Dr. Gratzer is part of the Manhattan Institute, a think tank advocating free enterprise solutions, funded by conservative foundations like the Koch and Walton Family Foundations and corporations like Cigna and Bristol-Myers Squibb.

I've heard or read a lot of comparisons of the Canadian vs. American systems. One op-ed from the Denver Post listed eight myths about the Canadian health care system. Its author, a Canadian clinical psychologist living it the U.S. for close to two decades, declared that the following are myths:
  • Myth: Taxes in Canada are extremely high, mostly because of national health care.
  • Myth: Canada's health care system is a cumbersome bureaucracy.
  • Myth: The Canadian system is significantly more expensive than that of the U.S.
  • Myth: Canada's government decides who gets health care and when they get it.
  • Myth: There are long waits for care, which compromise access to care.
  • Myth: Canadians are paying out of pocket to come to the U.S. for medical care.
  • Myth: Canada is a socialized health care system in which the government runs hospitals and where doctors work for the government.
  • Myth: There aren't enough doctors in Canada.
I also just read this interesting piece on Snopes.

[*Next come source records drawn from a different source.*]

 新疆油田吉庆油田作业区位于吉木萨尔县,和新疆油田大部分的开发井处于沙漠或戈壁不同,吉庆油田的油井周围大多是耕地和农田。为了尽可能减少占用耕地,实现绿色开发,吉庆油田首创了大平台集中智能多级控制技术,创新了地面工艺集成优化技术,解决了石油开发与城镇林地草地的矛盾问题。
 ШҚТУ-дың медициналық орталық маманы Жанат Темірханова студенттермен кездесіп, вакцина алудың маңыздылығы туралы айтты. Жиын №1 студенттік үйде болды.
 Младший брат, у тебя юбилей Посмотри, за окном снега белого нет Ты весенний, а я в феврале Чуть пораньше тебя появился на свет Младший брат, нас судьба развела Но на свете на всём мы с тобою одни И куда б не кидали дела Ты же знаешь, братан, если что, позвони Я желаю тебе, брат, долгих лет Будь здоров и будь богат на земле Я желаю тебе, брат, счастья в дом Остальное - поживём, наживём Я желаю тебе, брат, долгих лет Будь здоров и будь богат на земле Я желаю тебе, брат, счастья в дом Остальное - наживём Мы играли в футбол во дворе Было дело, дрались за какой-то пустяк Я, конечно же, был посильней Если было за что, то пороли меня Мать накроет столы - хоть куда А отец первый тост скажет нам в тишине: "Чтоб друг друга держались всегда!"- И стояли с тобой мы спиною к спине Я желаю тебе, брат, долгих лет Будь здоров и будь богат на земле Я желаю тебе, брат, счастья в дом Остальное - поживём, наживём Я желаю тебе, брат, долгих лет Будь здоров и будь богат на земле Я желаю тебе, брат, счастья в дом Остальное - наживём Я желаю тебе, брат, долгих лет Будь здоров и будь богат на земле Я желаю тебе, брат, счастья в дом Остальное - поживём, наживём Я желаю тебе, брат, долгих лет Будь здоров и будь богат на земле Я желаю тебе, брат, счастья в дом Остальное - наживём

It's a point-by-point examination of the claims made in an email that's circulating, supposedly written by a regular Canadian citizen. The email makes claims such as "I am personally in the 55% income tax bracket" and the "Government allots [only] so many operations per year" and "Forget getting a second opinion, what you see is what you get." The Snopes response is very measured and fair minded, often pointing out that the claims made -- such as "Shirley's cousin was diagnosed with a heart blockage. Put on a waiting list. Died before he could get treatment" -- are unverifiable and so vague that anything could have caused the death [even if "Shirley's cousin" isn't a complete fabrication -- DN3].

Today's Pioneer Press included an op-ed by Michael Tanner of the libertarian Cato Institute called Obama's Right -- We Need Health Care Reform But He's Wrong about What Kind. In it, he proposes unmooring health insurance from employment. As he points out, it is unfair that employed, insured people get their care tax free while someone who pays for insurance from self-employed income has to pay taxes on her/his benefits. Instead, people would pay taxes on their benefits and both employed and self-employed people would receive either a tax deduction or a tax credit to compensate.

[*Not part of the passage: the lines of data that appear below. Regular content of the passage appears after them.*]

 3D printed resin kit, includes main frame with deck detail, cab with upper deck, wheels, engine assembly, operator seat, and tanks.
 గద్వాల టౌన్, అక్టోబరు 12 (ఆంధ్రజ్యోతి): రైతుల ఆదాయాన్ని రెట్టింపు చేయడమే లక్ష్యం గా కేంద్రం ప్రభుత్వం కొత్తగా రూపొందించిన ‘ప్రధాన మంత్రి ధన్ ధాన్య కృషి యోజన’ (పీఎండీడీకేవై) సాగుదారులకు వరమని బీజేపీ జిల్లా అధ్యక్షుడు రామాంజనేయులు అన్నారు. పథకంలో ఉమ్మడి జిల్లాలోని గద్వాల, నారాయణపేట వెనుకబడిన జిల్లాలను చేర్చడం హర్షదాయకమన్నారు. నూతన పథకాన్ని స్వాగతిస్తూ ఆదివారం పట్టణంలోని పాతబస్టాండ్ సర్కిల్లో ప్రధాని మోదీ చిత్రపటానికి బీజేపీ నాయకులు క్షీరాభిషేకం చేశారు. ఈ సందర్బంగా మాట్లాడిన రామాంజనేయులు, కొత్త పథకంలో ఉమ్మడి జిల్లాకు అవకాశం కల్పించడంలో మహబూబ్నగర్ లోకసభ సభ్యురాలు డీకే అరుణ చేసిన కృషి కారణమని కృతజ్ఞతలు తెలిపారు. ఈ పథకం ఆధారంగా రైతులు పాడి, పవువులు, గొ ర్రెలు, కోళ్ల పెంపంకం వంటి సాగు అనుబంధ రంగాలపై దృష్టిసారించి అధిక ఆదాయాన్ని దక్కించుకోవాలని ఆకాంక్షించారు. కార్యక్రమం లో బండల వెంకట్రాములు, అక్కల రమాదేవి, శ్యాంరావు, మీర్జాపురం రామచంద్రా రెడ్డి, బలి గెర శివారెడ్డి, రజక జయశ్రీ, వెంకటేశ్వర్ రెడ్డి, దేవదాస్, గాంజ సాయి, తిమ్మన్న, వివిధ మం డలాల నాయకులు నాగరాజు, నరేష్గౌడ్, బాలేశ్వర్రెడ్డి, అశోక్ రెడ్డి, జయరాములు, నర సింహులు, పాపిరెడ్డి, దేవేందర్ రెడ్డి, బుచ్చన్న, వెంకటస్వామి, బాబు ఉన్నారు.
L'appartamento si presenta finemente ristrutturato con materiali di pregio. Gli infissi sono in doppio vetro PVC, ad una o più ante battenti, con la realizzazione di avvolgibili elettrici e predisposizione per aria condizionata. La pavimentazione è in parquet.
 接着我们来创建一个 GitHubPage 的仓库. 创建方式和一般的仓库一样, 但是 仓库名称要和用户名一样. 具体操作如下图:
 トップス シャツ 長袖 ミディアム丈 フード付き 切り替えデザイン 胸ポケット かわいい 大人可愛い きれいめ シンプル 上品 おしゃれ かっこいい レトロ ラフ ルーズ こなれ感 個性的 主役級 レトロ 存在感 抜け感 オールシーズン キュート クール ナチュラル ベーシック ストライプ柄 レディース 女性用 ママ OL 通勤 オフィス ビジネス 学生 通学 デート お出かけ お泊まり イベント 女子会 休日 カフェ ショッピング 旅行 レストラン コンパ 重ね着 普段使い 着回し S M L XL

At first I thought this sounded more fair than the current system, but then I remembered that self-employed people are able to deduct their health costs from their taxes. While it is not equivalent to the tax break employees receive, it does cover part of the difference. What self-employed people don't have is access to affordable plans, since they aren't part of a group that spreads out the risk. So unless they can get access to care through a spouse's company (even if they have to pay for the plan), the price is outrageous or has a a very high deductible, as in the case of Garrison's friend, the cowboy singer -- or both. I heard an NPR story that told of a farm couple whose only health insurance options cost between $12,000 and $20,000 per year for the two of them, with a $2,000 deductible!

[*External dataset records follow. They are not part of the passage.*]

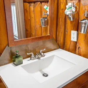 Certain rooms have a stone fireplace along with a sofa set for guests' convenience. Some units also feature a microwave, a coffee maker, and a refrigerator. The private bathrooms are fitted with a hair dryer and guest toiletries.
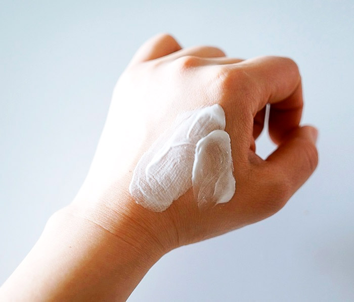 Нанесите небольшое количество крема на очищенную кожу лица и тела, дайте средству впитаться.
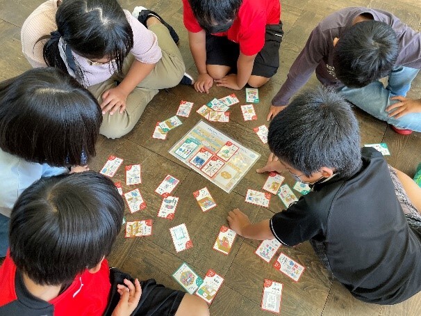 低学年は、絵本やかるた、すごろくなどを通して、楽しみながら地震や津波について学びました。
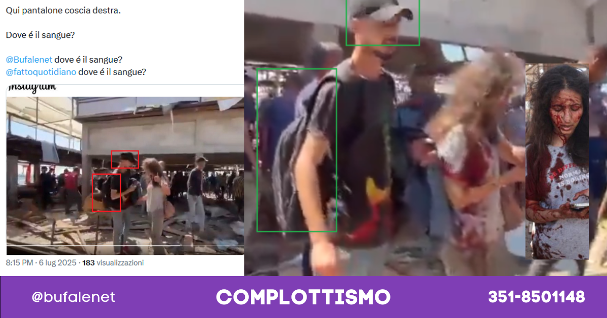 Si vede del sangue che scorre sul lato sinistro del corpo: l’account negazionista GAZAWOOD, dedito al negazionismo ed alla diffusione della Teoria di Pallwood, pubblica un video della giornalista che si lava il viso.
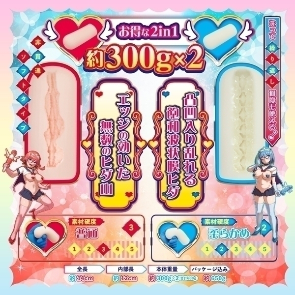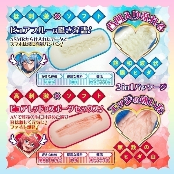 | 個性的な設計が特徴の非貫通型ホール2本セットです♪ピュアブルーとピュアレッドの2種類がセットになっており、異なる感触を楽しめます!ピュアブルーは柔らかめの弾力で、波状ヒダと突起が絡み合う構造♪じっくりとリラックスした時間を過ごしたい方におすすめです!一方、ピュアレッドは縦ヒダ構造で高刺激を提供し、アクティブな使用感を求める方に適しています!どちらも柔らかめの素材で心地よい使用感を実現しています♪COOLP初の1箱2本入りパッケージで、シーンに応じて使い分けることが可能です!ユニークな設計で、自宅でのリラックスタイムに彩りを添える特別なアイテムです♪ |
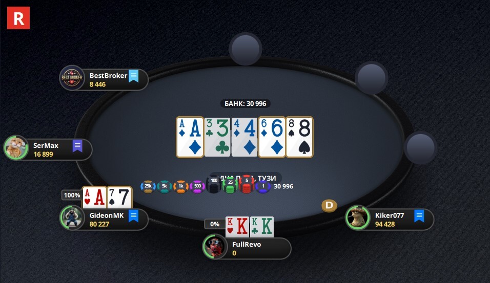 По флопу я граю чек/кол на його невеличку ставку, а на тьорні, отримавши ТПТК, вирішую зіграти чек/пуш… Але опонент пушить сам чим збиває мене з пантелику, оскільки це означає, що у нього або блеф, або супер велью..
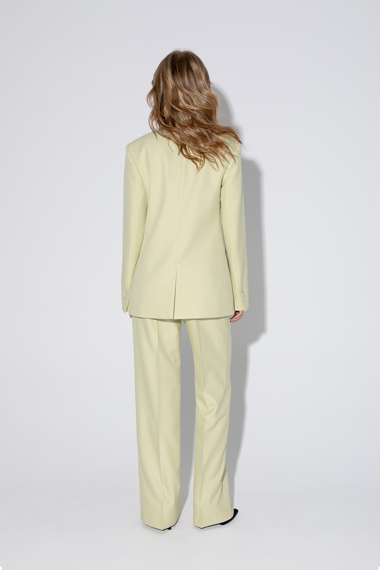 Текстильный костюм-двойка из свободного жакета и прямых брюк со стрелками.
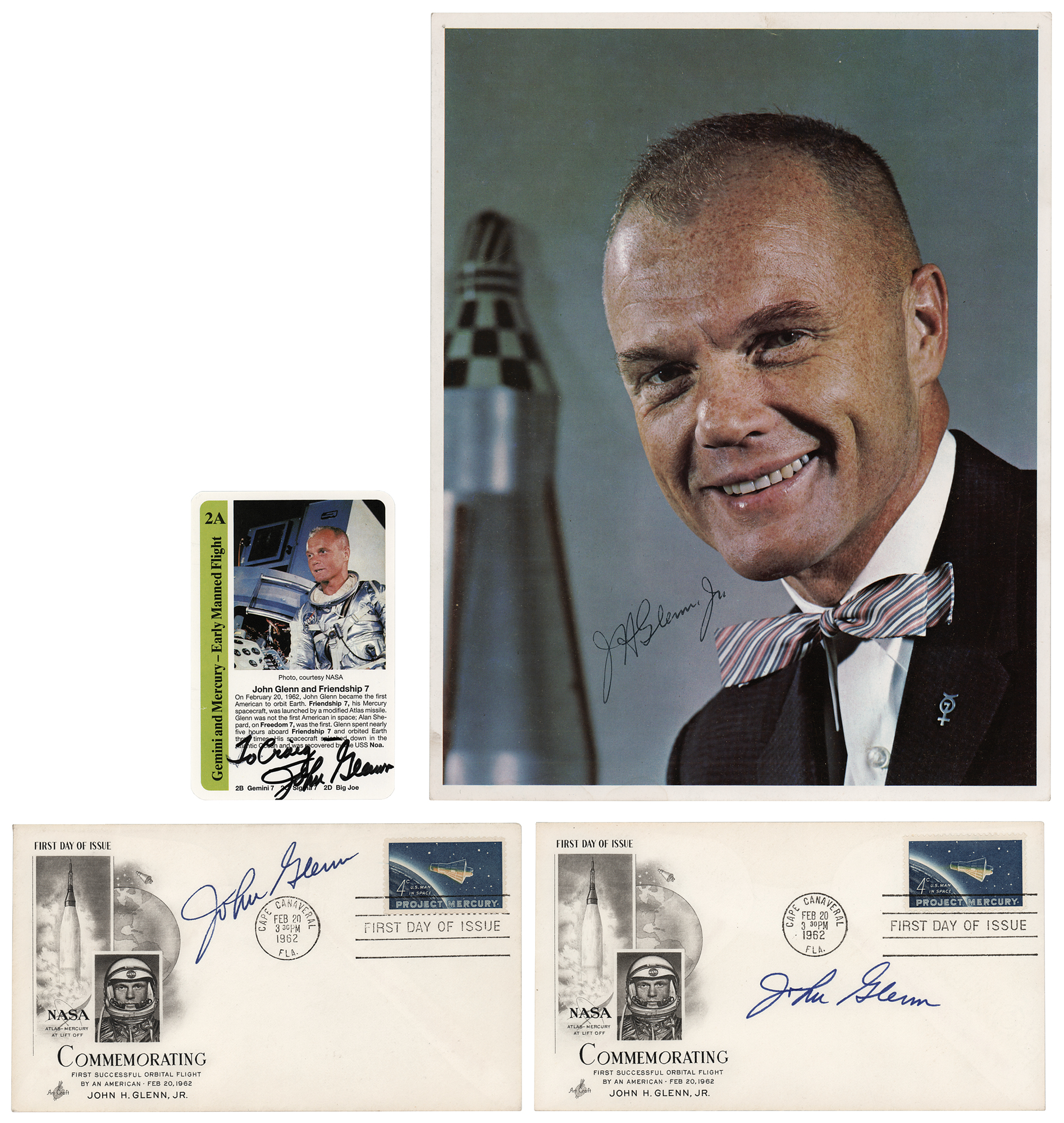 Four items: two ‘launch day’ FDCs with cachets honoring Glenn’s Mercury-Atlas 6 mission, both signed in felt tip by Glenn; a color 2.5 x 4 Smithsonian Institution playing card honoring Glenn and his Friendship 7 spacecraft, signed and inscribed in black felt tip by Glenn; and a color semi-glossy 8 x 10 portrait photo of Glenn wearing a bow tie and a Mercury Seven lapel pin, signed in black ballpoint, “J. H. Glenn, Jr.” In overall very good to fine condition, with small creases to the signed photo.
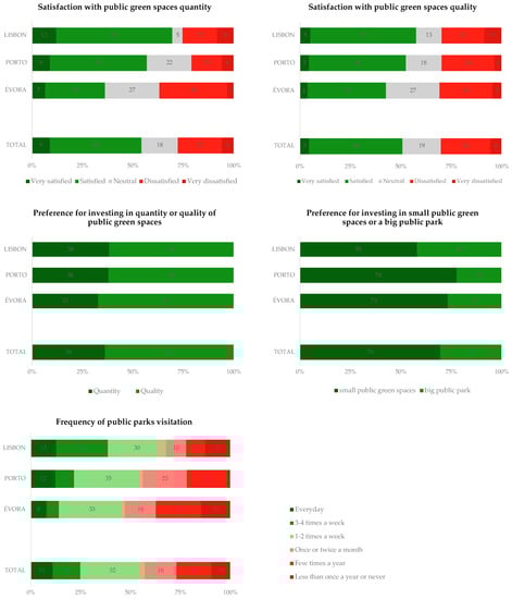 Three main results may be drawn from these two questions. First, respondents are moderately satisfied with public green spaces. In fact, approximately half of the respondents are satisfied or very satisfied with both the quantity (54%) and quality (51%) of the public green spaces. These results deserve to be framed in the study conducted by the European Union [46], where EU residents living in cities rated their satisfaction with green areas on a scale from 0 (‘not satisfied at all’) to 10 (‘fully satisfied’). Although urban populations living in Portugal revealed a moderate satisfaction with their green areas (6.0), it must be noted that Portuguese respondents were among the five countries with the lowest rated satisfaction. Second, the general results achieved by these two questions are very similar, with the only evident difference being a slightly worse evaluation of the public green space quality. Third, the results show important differences between cities. The city dimension seems to influence the evaluation of both the quantity and quality of public green spaces, since the evaluation tends to be more positive with the increase in the city’s size. In fact, respondents from Lisbon are the most satisfied with both the quantity (70%) and quality (57%). Respondents from Porto are also rather satisfied, even more moderately, with the quantity of public green spaces (57%) and with its quality (53%). Respondents from Évora are the least satisfied with their city’s public green spaces, and particularly with their quantity, with a clear division between respondents who reveal being rather satisfied (37%) and those who are rather dissatisfied (37%).

Tanner also called for removing the interstate ban on health coverage. As it stands, you can only purchase health insurance within your state, and each state has its own list of benefits that companies must cover. As with any op-ed, Tanner picked the two extremes: New Jersey, which requires coverage of in vitro fertilization and coverage of children to age 25 (and costs $5,580 a year for a healthy 25-year-old male) vs. Kentucky, which costs $960 per year (no mention of what they do or don't cover). Tanner thinks that a young guy in New Jersey should be able to buy the Kentucky plan, and a bill sponsored by Rep. John Shadegg, R-Ariz., would do just that.

What's wrong with that? Health policy specialist Bob Laszewski writes, "In the end, the young and healthy would get much more affordable policies and the old and/or sick would be worse off." (Kind of like how privatizing Social Security would probably work for the young and financially fit, but not too well for anyone else, or how giving school vouchers would leave all the kids with the most needs in the public schools.) Laszewski writes:
So what exactly does the Shadegg bill get us?

Well it would get Mr. Mathews' insurance company trade association, the “Council for Affordable Care” a wild-west market environment to go find all of those young healthy people and sign them up for really cheap coverage.

Young and healthy people would pay a lot less and older and/or sicker people would pay a lot more if coverage were even available to them.

New Jersey is a dysfunctional health insurance market. But fixing that state, and others like it, is a lot more complicated than putting the “cherry pickers” back in charge.
No one would argue that (in a market-based system) a young person's or a healthier person's insurance shouldn't be cheaper than that of an older person or a unhealthy person -- but allowing purchases across state lines will clearly have unintended consequences that are likely to affect the sickest and poorest the most.

That's all I've got to say on the subject of health care reform for now. But if we don't make some substantial improvements in our health system in the next few years, I'm going to be one disappointed voter. The only question is who'll get the blame.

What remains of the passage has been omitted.